Final answer:
Using the combined gas law, the new pressure of the air inside a smaller box of 5m³ at 35°C is calculated to be approximately 11.75 atm, which is about 12 atm when rounded to two significant figures.
Step-by-step explanation:
To determine the new pressure when the same amount of air is placed in a smaller volume and at a higher temperature, we can use the combined gas law, which is derived from Boyle's, Charles's, and Gay-Lussac's laws:
P1 * V1 / T1 = P2 * V2 / T2
Where:
- P1 is the initial pressure (3.65 atm)
- V1 is the initial volume (15 m³)
- T1 is the initial temperature in Kelvin (25°C = 298.15 K)

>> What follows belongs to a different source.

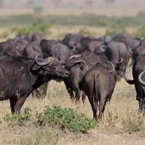 非洲野水牛:共有5个亚种。头体长2.1-3.4米,身高1-1.7米,体重300-900千克。胸膛宽…
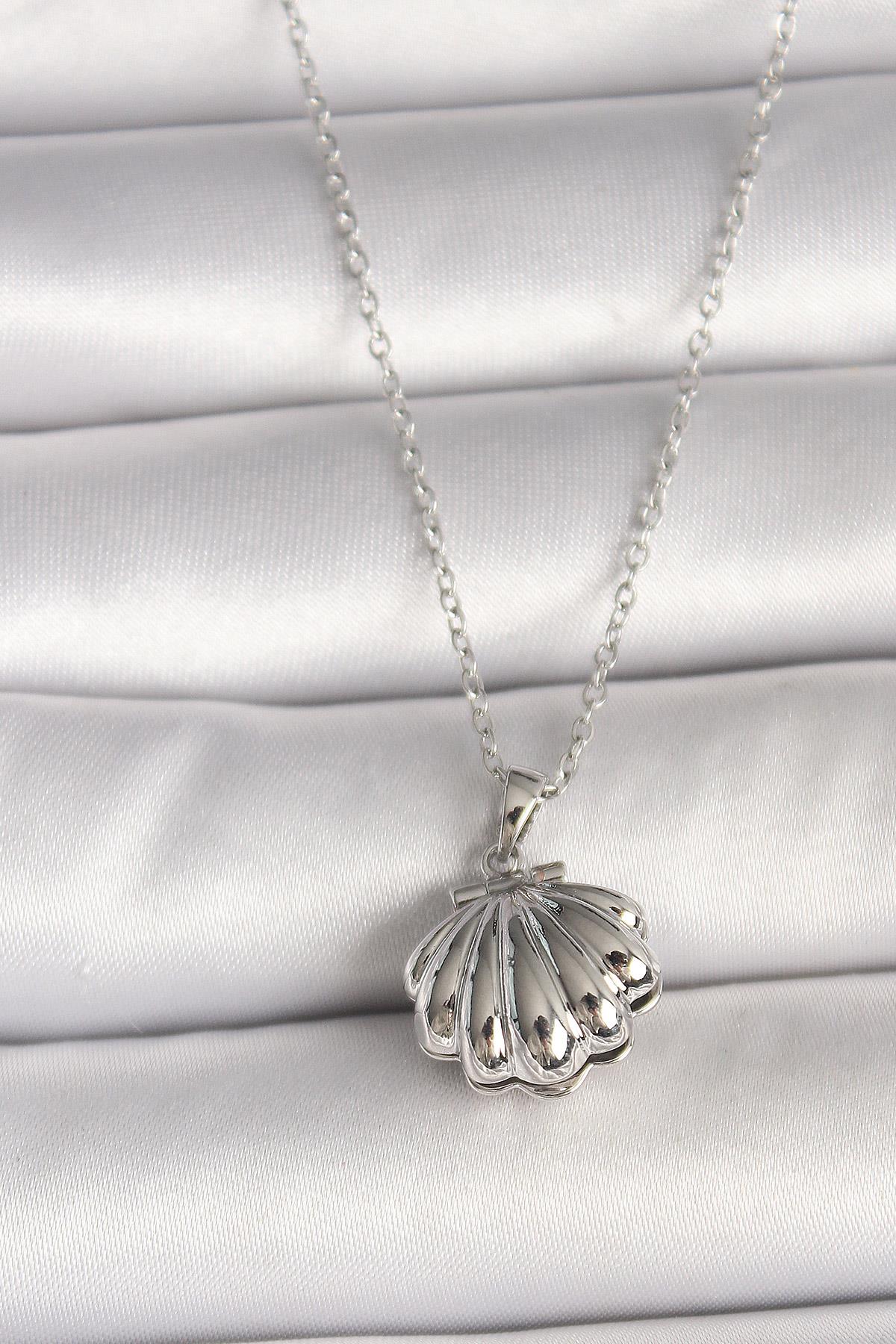 316L Çelik Gümüş Renk Zincir Açılır İncili Midye Model Kadın Kolye

- P2 is the final pressure
- V2 is the final volume (5 m³)
- T2 is the final temperature in Kelvin (35°C = 308.15 K)
Substituting the known values into the equation:
3.65 atm * 15 m³ / 298.15 K = P2 * 5 m³ / 308.15 K
Now, solving for P2:
P2 = (3.65 atm * 15 m³ / 298.15 K) * (308.15 K / 5 m³)
P2 = (3.65 * 3) * (308.15 / 298.15)
P2 ≈ 3.65 * 3 * 1.0335
P2 ≈ 11.365 * 1.0335
P2 ≈ 11.75 atm
The new pressure of the air inside the smaller box would be approximately 11.75 atm, rounded to two significant figures, it's 12 atm.